**** Record extracts
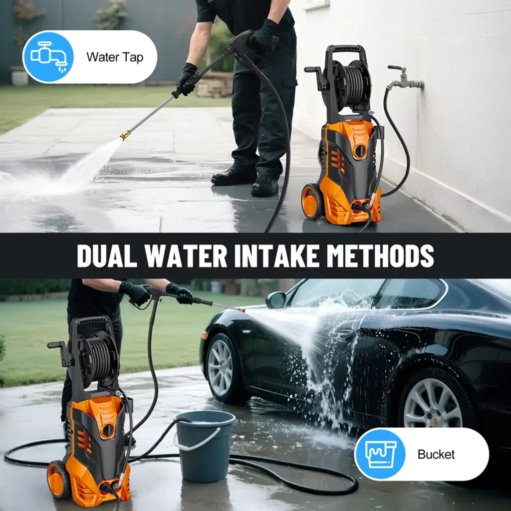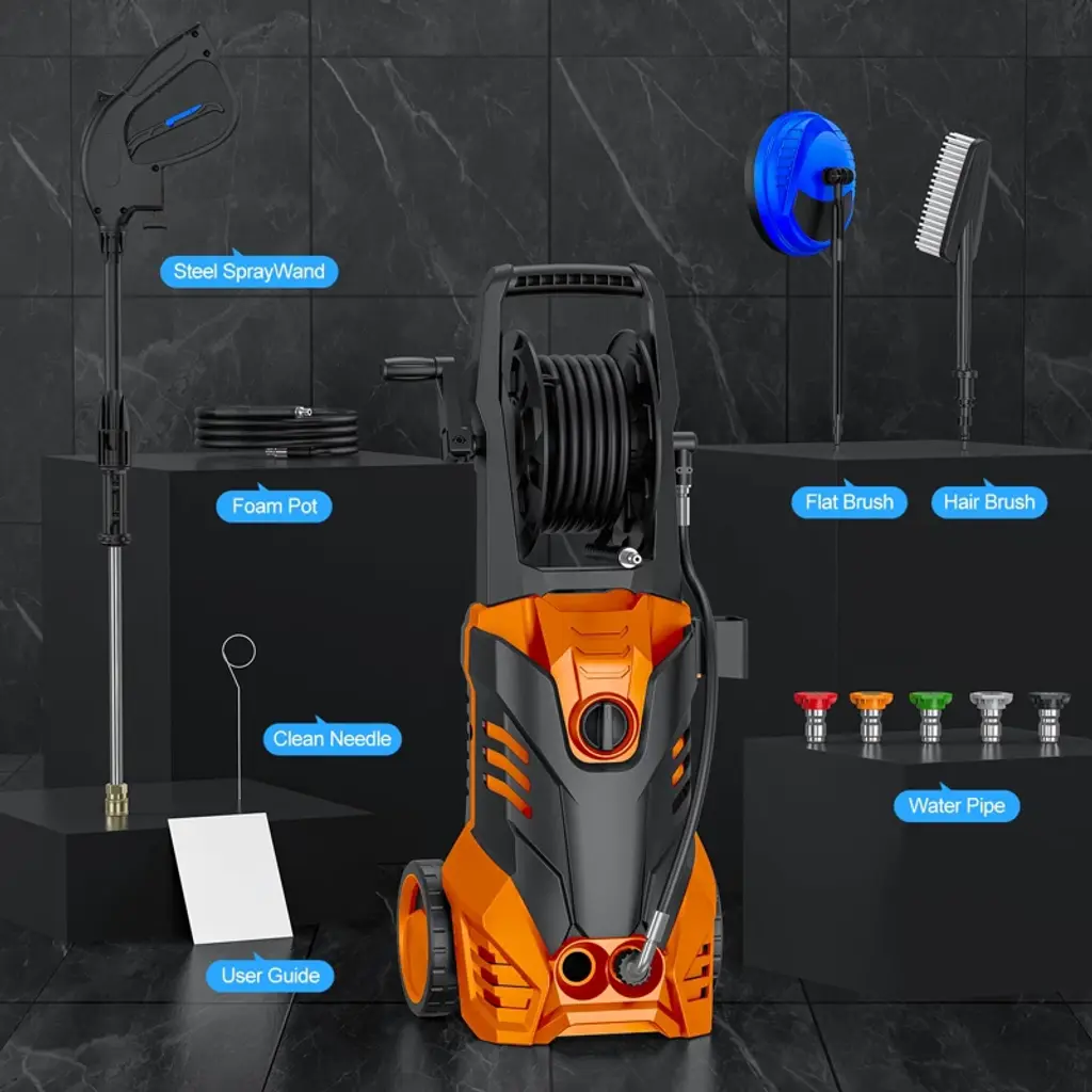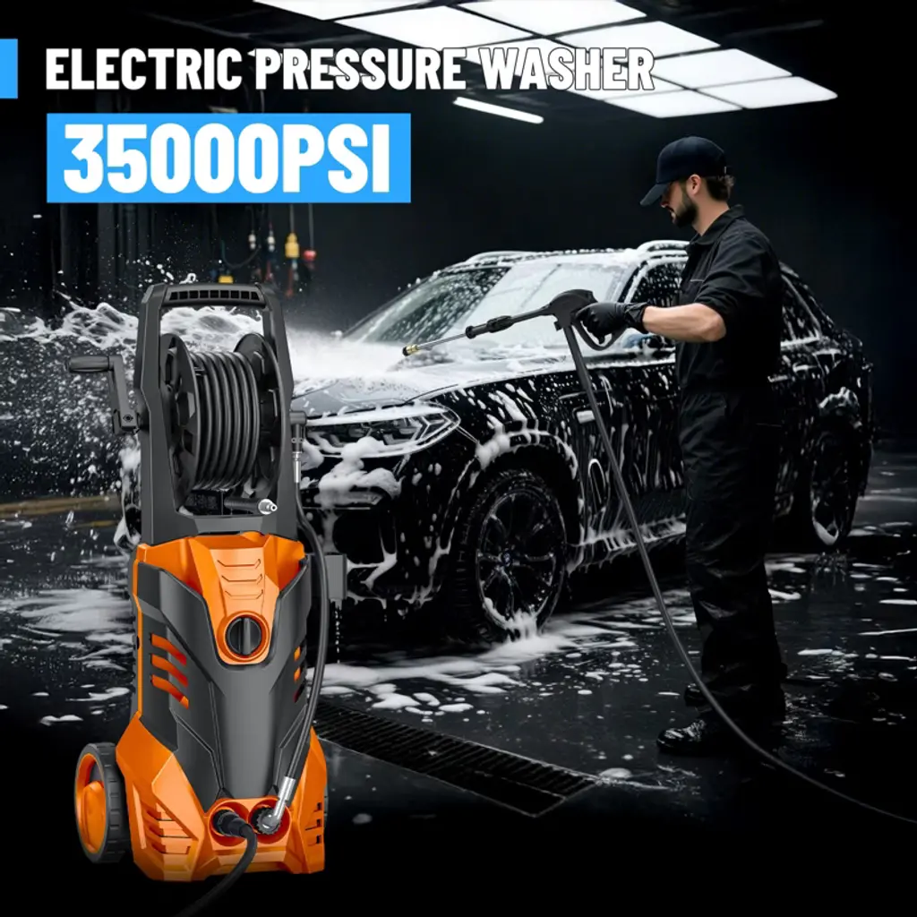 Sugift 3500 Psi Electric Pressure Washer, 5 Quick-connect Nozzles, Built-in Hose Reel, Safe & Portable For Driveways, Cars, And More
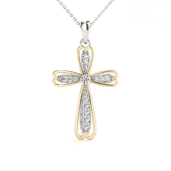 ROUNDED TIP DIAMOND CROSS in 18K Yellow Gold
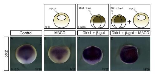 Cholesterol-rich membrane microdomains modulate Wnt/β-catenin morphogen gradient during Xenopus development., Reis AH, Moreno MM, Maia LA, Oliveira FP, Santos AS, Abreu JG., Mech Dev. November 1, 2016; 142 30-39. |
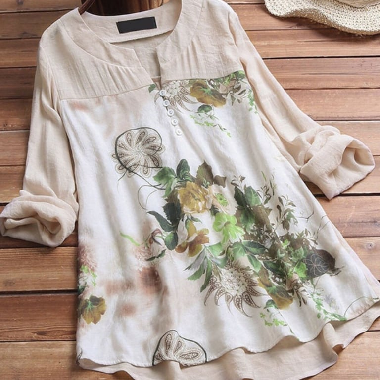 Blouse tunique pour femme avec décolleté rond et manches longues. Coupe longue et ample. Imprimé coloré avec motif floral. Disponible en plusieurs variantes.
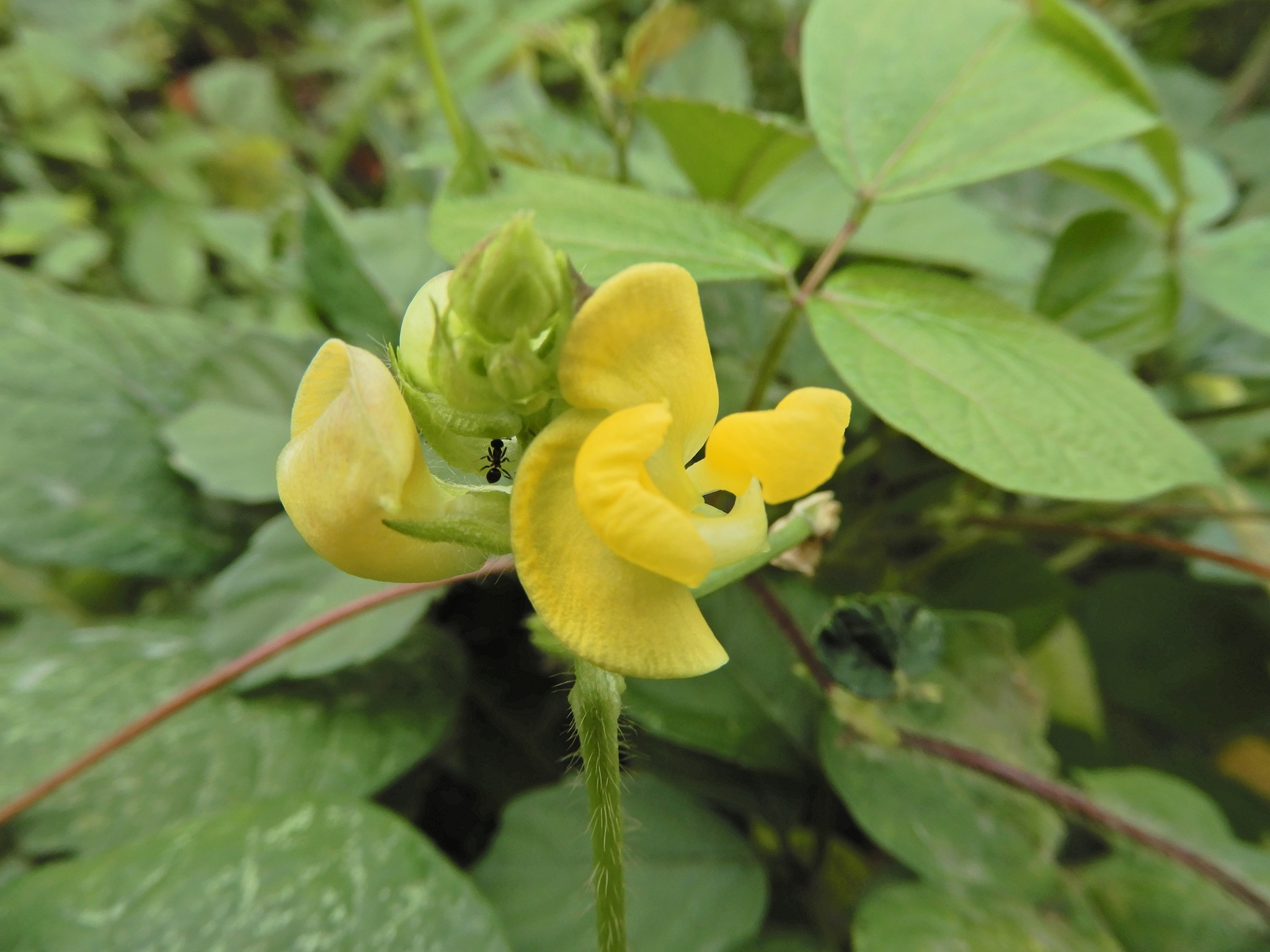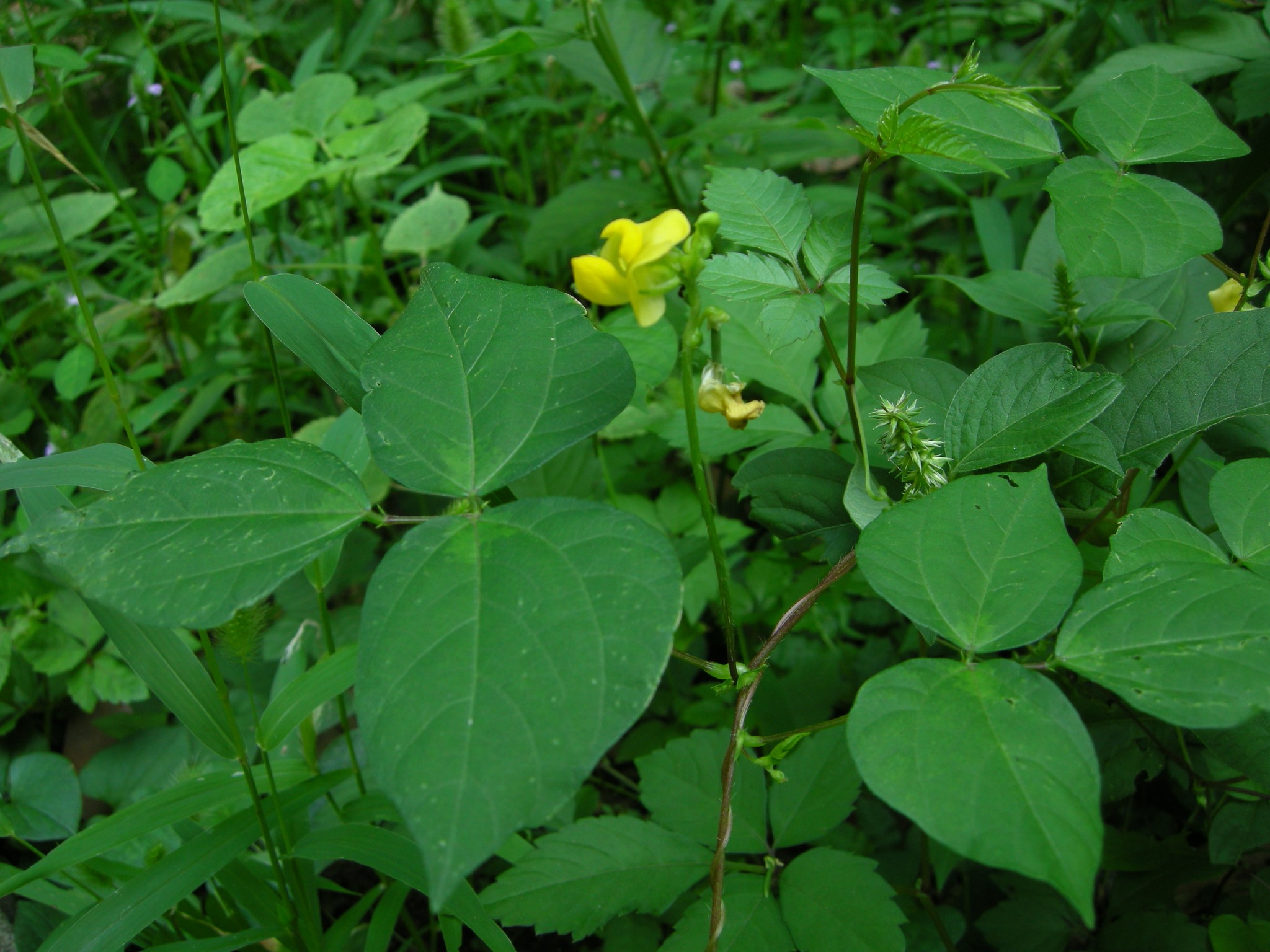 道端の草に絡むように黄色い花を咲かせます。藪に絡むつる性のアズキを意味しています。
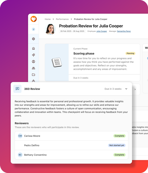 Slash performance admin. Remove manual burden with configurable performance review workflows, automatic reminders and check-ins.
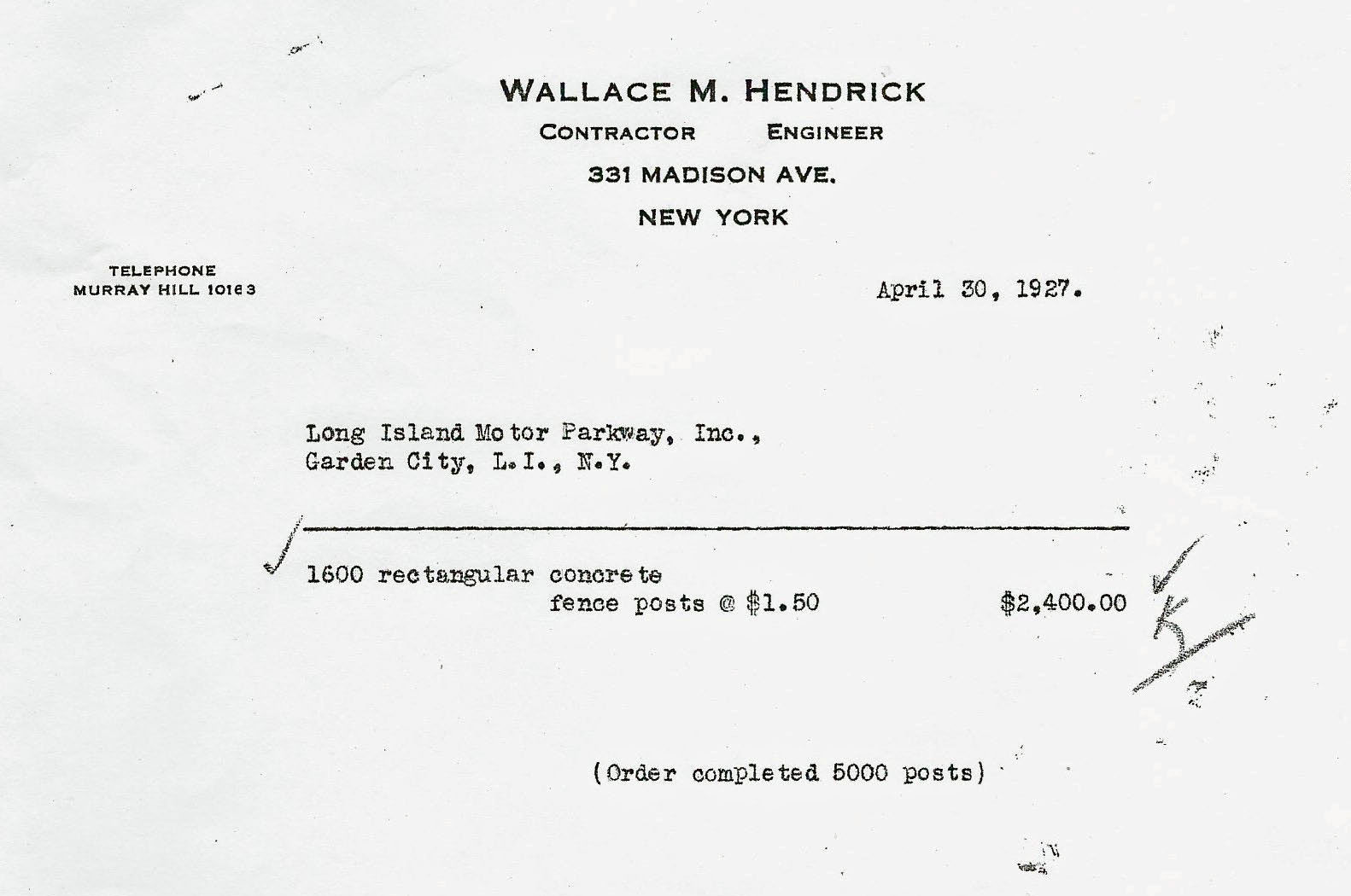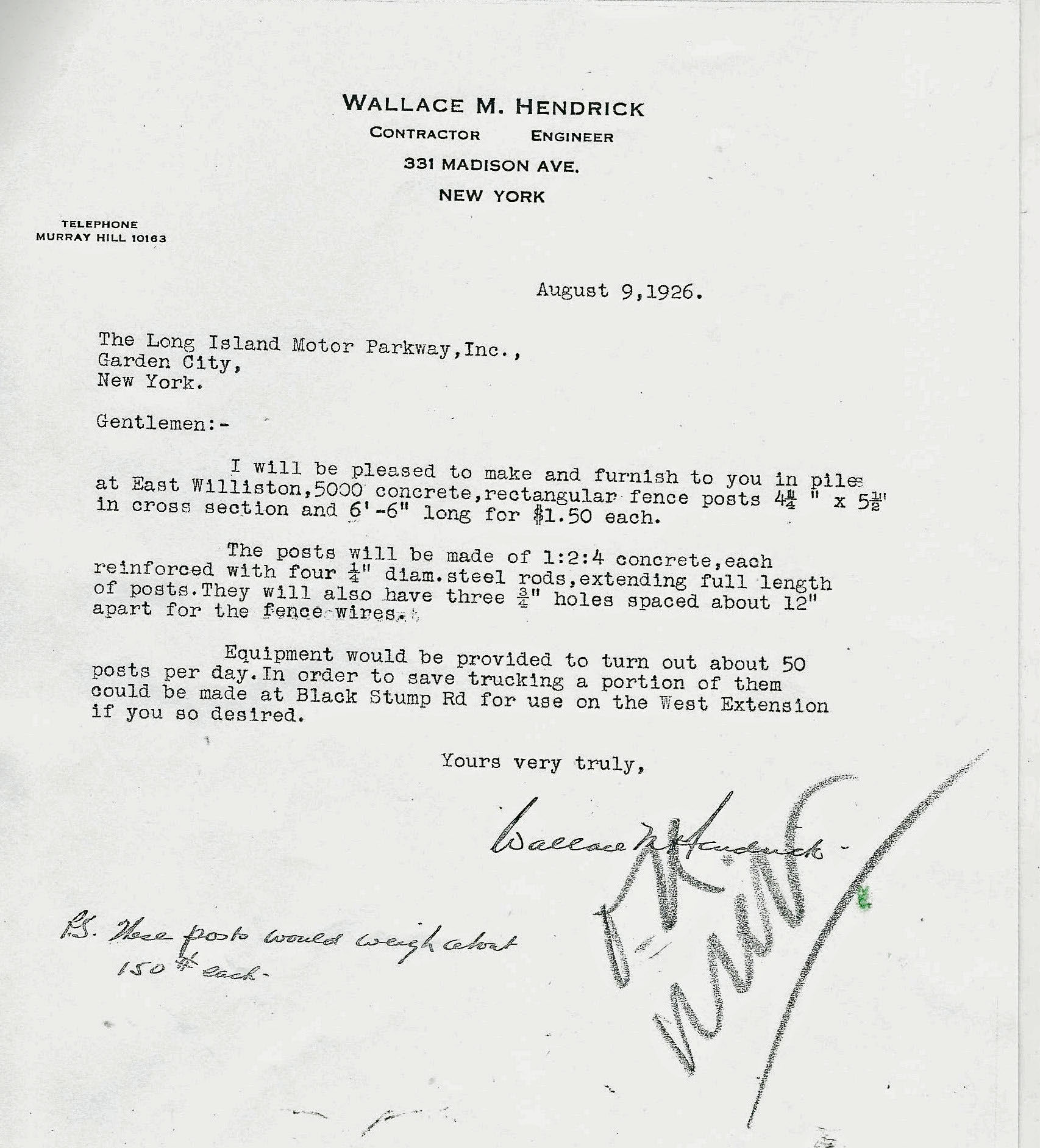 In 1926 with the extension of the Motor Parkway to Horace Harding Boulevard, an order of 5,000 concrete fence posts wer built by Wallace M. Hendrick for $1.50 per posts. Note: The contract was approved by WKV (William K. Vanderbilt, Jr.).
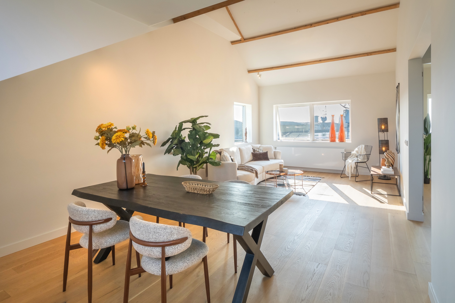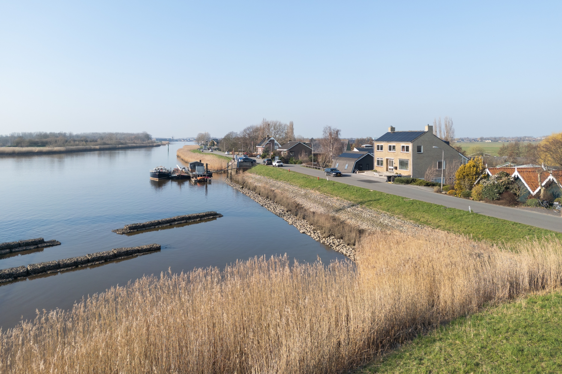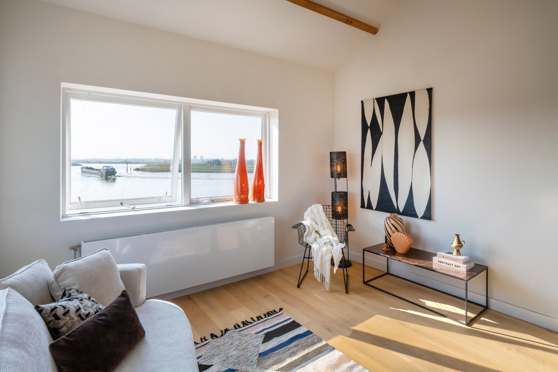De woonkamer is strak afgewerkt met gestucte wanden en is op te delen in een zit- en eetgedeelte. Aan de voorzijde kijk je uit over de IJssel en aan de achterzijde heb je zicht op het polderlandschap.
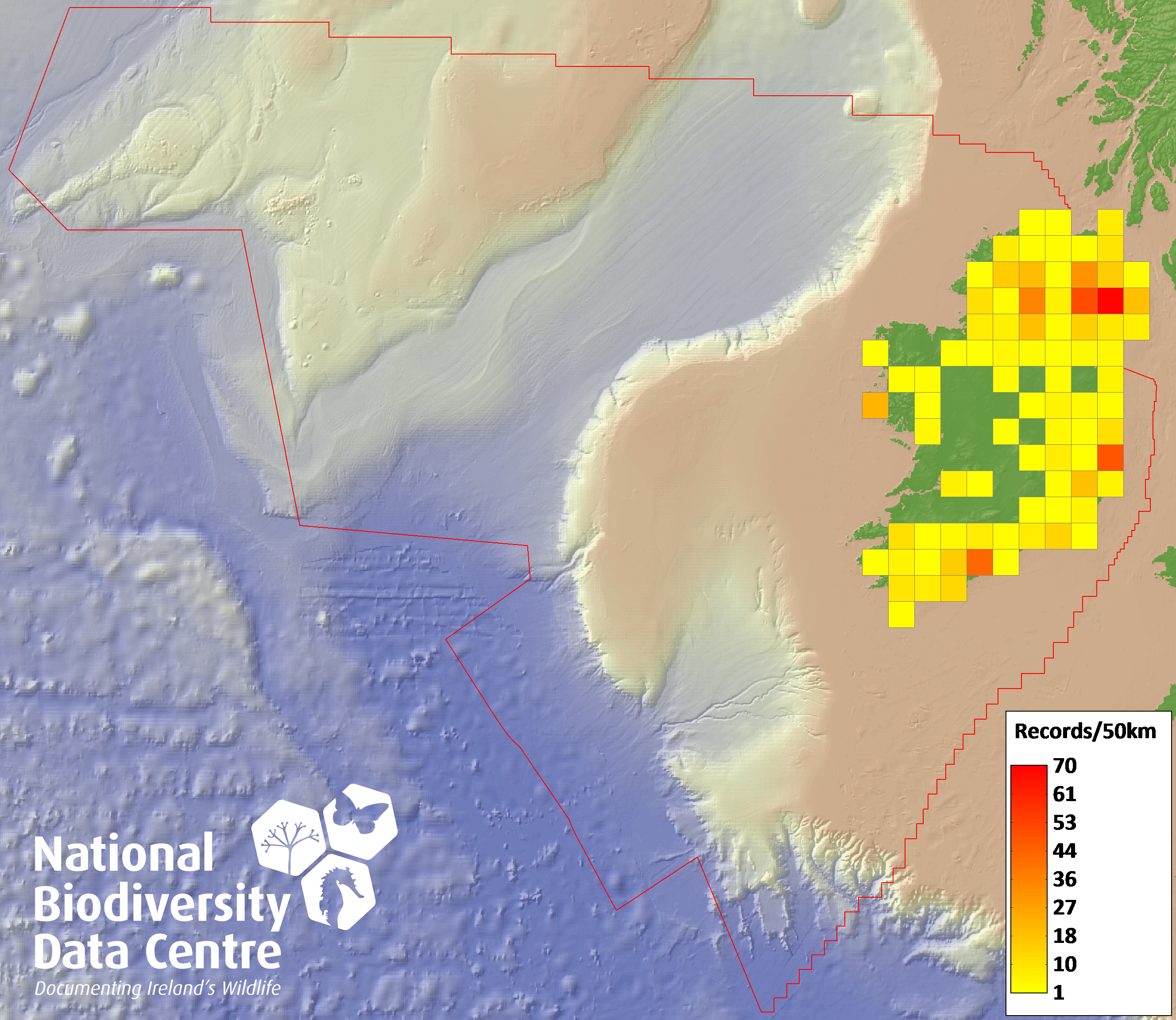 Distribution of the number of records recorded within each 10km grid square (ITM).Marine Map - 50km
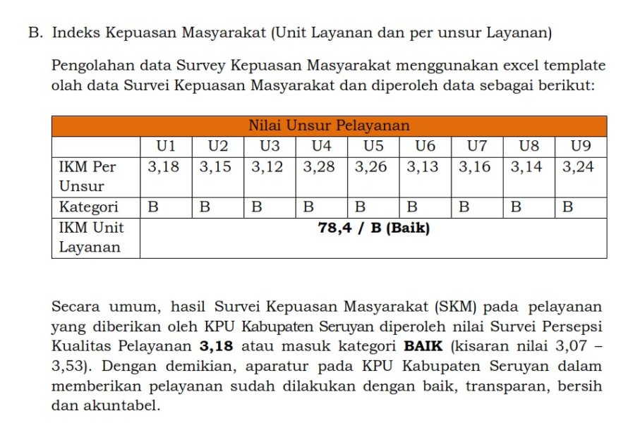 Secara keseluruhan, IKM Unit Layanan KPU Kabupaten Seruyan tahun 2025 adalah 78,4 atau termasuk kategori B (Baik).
********
■ What is expected ■
Every line above should be reproduced exactly, please, with no pictures included.

■ Task result ■
 Sugift 3500 Psi Electric Pressure Washer, 5 Quick-connect Nozzles, Built-in Hose Reel, Safe & Portable For Driveways, Cars, And More
 ROUNDED TIP DIAMOND CROSS in 18K Yellow Gold
 Cholesterol-rich membrane microdomains modulate Wnt/β-catenin morphogen gradient during Xenopus development., Reis AH, Moreno MM, Maia LA, Oliveira FP, Santos AS, Abreu JG., Mech Dev. November 1, 2016; 142 30-39. |
 Blouse tunique pour femme avec décolleté rond et manches longues. Coupe longue et ample. Imprimé coloré avec motif floral. Disponible en plusieurs variantes.
 道端の草に絡むように黄色い花を咲かせます。藪に絡むつる性のアズキを意味しています。
 Slash performance admin. Remove manual burden with configurable performance review workflows, automatic reminders and check-ins.
 In 1926 with the extension of the Motor Parkway to Horace Harding Boulevard, an order of 5,000 concrete fence posts wer built by Wallace M. Hendrick for $1.50 per posts. Note: The contract was approved by WKV (William K. Vanderbilt, Jr.).
De woonkamer is strak afgewerkt met gestucte wanden en is op te delen in een zit- en eetgedeelte. Aan de voorzijde kijk je uit over de IJssel en aan de achterzijde heb je zicht op het polderlandschap.
 Distribution of the number of records recorded within each 10km grid square (ITM).Marine Map - 50km
 Secara keseluruhan, IKM Unit Layanan KPU Kabupaten Seruyan tahun 2025 adalah 78,4 atau termasuk kategori B (Baik).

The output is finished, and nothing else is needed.